Stop.  Not all compounds transform when administered.  So, Bilski’s transformation test might lead to different results depending on the properties of Compound X.  For example, if, on one hand, Compound X is an active ingredient that does not transform in the human until after its activity (treating Disease Y) starts, then Bilski’s transformation test might force one to hold that claim 2 is ineligibile for lacking a machine or transformation.  But if, on the other hand, Compound X is a prodrug that transforms to the active ingredient after administering, as opposed to the active-ingredient itself, then Bilski’s transformation test might hold that claim 2 is eligibile.

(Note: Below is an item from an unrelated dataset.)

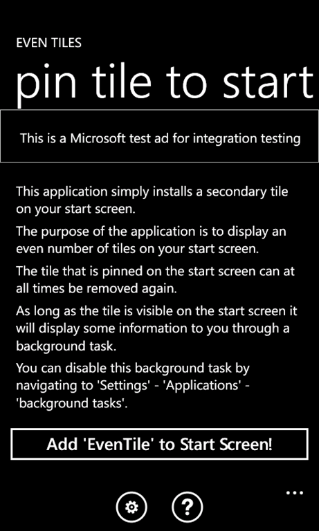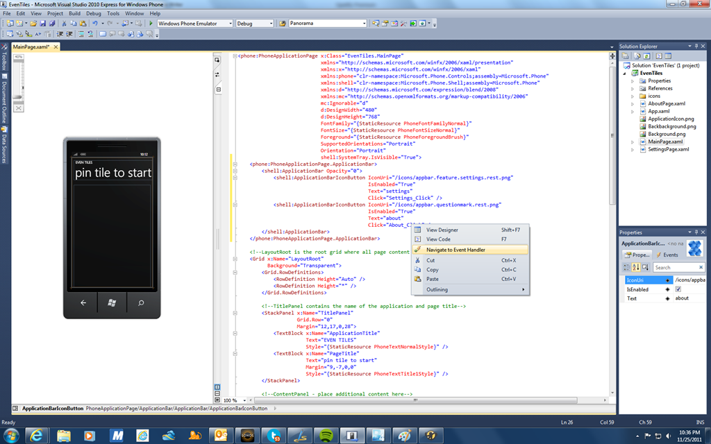What you can see here is Expression Blend showing the MainPage of our EvenTiles application. You can also see how to select an ApplicationBarIcon in the collection of ApplicationBarIcon buttons. Besides concentrating on creating a (static) UI for a Windows Phone application, Expression Blend is also a fantastic tool to create different visual states and animations. We are still in the early stages of application development in this series, but more in depth usage of Expression Blend will definitely follow later on. For now we will just add a little bit of functionality to our application. Using Expression Blend, two new pages have been added to the project, a Settings Page and an About Page. Both these pages only contain a filled title section. Right now, the only functionality that will be added to the application is code to navigate to each of the two empty pages when the corresponding ApplicationBar buttons are clicked. The following code snippet shows the ApplicationBar that was created with Expression Blend in XAML, and already includes Click event handlers:

Thus, Bilski’s transformation test could lead to a crazy result.  While claim 2 might be Bilski eligible if Compound X were a prodrug, claim 2 might be Bilski ineligible if compound X were an active ingredient.  Now really, would a prodrug/active-ingredient distinction be a proper basis for eligibility?  It might be under Bilski’s machine/transformation test, unless humans are eligible subject matter for patenting, because they are Bilski’s machines and/or articles capable of transformation.

Feel any tension in your face?  If so, you’re likely familar with settled expectations of biotech.